● **Your goal**:
Below is some data. Retype exactly the lines starting at the one with "エンボスへの工夫と表面のフィ" and ending at the one with "妝點沙拉用的番茄以及讓沙拉吃".

● **Task input**:
------------------------------------

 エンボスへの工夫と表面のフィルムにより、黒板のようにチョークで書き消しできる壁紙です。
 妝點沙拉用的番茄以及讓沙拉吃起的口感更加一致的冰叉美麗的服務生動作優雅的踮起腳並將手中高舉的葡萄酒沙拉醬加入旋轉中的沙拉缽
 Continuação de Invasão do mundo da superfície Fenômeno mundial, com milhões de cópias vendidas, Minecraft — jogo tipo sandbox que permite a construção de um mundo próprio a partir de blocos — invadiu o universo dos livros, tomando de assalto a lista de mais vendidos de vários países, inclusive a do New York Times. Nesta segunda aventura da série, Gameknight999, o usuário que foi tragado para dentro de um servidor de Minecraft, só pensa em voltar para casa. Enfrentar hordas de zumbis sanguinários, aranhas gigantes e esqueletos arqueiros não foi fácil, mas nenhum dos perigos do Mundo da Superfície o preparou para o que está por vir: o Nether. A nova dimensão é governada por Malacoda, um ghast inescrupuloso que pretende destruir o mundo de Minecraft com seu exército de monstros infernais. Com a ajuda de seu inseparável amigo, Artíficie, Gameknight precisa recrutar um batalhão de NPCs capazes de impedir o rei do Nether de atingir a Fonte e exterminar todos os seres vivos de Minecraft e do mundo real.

------------------------------------

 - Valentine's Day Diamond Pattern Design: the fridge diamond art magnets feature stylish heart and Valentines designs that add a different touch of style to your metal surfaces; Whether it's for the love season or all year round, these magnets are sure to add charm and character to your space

------------------------------------

● **Output**:
 エンボスへの工夫と表面のフィルムにより、黒板のようにチョークで書き消しできる壁紙です。
 妝點沙拉用的番茄以及讓沙拉吃起的口感更加一致的冰叉美麗的服務生動作優雅的踮起腳並將手中高舉的葡萄酒沙拉醬加入旋轉中的沙拉缽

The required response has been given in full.